In addition, regulatory measures can create or strengthen barriers to entry by competitors (Klapper et al. 2006, Lane & Koronios 2001), and can increase barriers to exit by customers. A common example is the obligations imposed on financial institutions in many countries, including the USA, UK, Canada and Australia, to 'Know Your Customer', i.e. to gather a considerable amount of data about the person or organisation, and to conduct identity authentication processes. These represent a barrier to entry, in that new providers have to invest considerable time and money on compliance, as a condition of doing business. Further, users of these companies' services are confronted by onerous and time-consuming documentary requirements in order to establish a relationship with each alternative or additional provider, and these high switching costs naturally reduce customer churn.
In some sectors, regulatory arrangements can strongly influence and even dictate industry structures and processes. This has occurred, for example, in many countries, when they have privatised or otherwise broken the legislated monopolies of PTTs (postal, telephone and telecommunications agencies) and electricity, water and gas utilities (Hulsink 1999). When changes occur, and especially major changes such as privatisation, de-regulation and re-regulation, organisations that are well-prepared for events can acquire large market-shares in new or re-defined industry segments, and can take advantage of new revenue-sources or government subsidies. Rukanova et al. (2009) studies international trade, Watson et al. (2010) investigates opportunities in the environmental protection and energy sectors, and Rai et al. (2015) recognises that regulatory measures are determinative of industry structure in the electricity industry.
The Bled Conference series presents an opportunity to evaluate the extent to which a venue specialising in eInteraction (Clarke & Pucihar 2013) evidences interest in and contributions to the literature relating to regulation. The papers for 2001-19 (913 in all) are searchable in the AIS eLibrary. Searches for <RegTech> in <All Fields> found zero hits. Searches for <regulat*> found zero in <Title> and 6 in <Abstract>. In <All Fields>, on the other hand, 152 were found (16.7% = 1/6th), in all years 2001-19, ranging from 5 to 15 p.a., with a mean of 8.

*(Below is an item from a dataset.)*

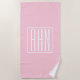 Toalla De Playa Monograma de Iniciales | Blanco Sobre Rosa Ligero
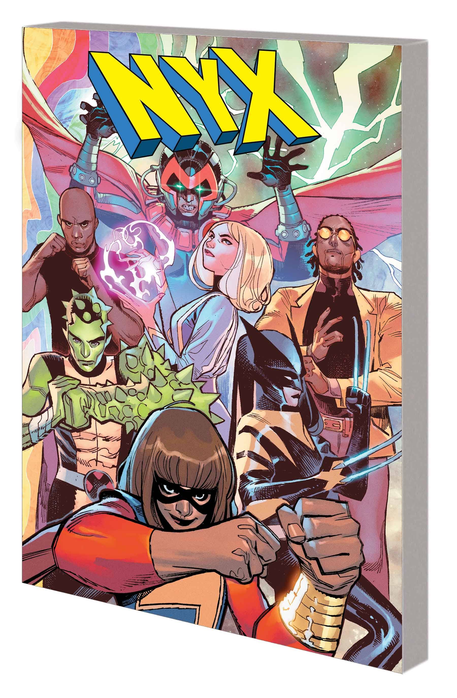Congratulations, Kamala Khan - you got tickets to Dazzler! We hope you survive the experience! Because Mojo also has his sights set on the hottest show in town, and the ensuing battle might just bring the house down. Then Synch revives a Krakoan tradition when he challenges Prodigy to battle to the death in the Circle Perilous! And Wolverine is about to come face-to-face with her old friend Hellion - now calling himself the Krakoan, the proud new face of mutant terrorism. As they confront each other, their intense past and what they've become, one thing is for sure: They're not kids anymore. Plus: when Charles Xavier goes on the run, his first stop is New York - but what will that mean for this generation of Children of the Atom? And when Mojo returns as a bigger threat than ever (in all ways!), everything the NYX community has built is at risk of crumbling to pieces!

In the large majority of cases, the mentions are incidental, mostly referring to regulation as a 'hurdle', 'barrier' or 'issue' confronting business, and often mentioning the need for compliance with regulatory 'mandates'. In a few cases, the stimulatory or enabling effects of regulation are mentioned.

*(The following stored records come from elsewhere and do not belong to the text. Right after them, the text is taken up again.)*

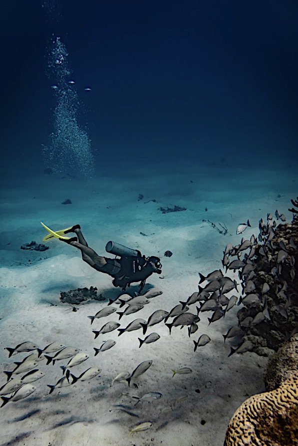 Pero no todas las obras maestras están en la oscuridad. El lugar favorito de Daniel para convertir a los neófitos en adictos al buceo es Tetes Place, un sitio poco profundo, a solo 9 o 10 metros. A esta profundidad, la luz del sol penetra perfectamente, haciendo que los colores del arrecife exploten y creando condiciones ideales tanto para principiantes como para fotógrafos submarinos; tiene un fondo de arena que funciona como un imán.
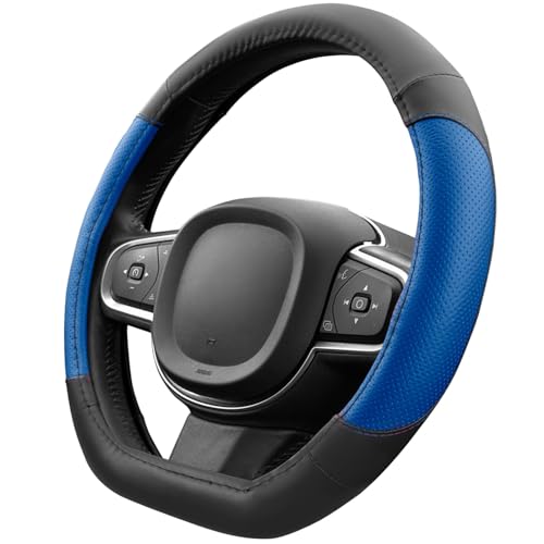 Upgrade4cars Couvre Volant Voiture Forme D Noir Bleu Simili Cuir | Housse de Protection Taille Universel 37-38 cm | Accessoires Auto Decoration Interieur Protege
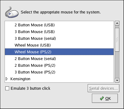 If a serial port mouse is selected, click the Serial devices button to configure the correct serial device number, such as /dev/ttyS0 for the mouse.

This study is less concerned with the mainstream of compliance by organisations with regulatory requirements to which they are subject, and instead has its primary focus on the interests of organisations that perform regulatory functions, and of the intended beneficiaries of the regulatory measures, most commonly consumers and small business. A total of 16 papers were identified that were relevant to this focus.
The significance of regulation for corporate strategy in a particular business sector or segment was the focus in 5 of the 16 papers. These were concerned with retail pharmacy (Lane & Koronios 2001), the design of marketspaces (Clarke 2001), insurance intermediaries (Bouwman et al. 2005), ICT innovation (de Reuver et al. 2007) and critical infrastructure organizations (Holgate et al. 2012).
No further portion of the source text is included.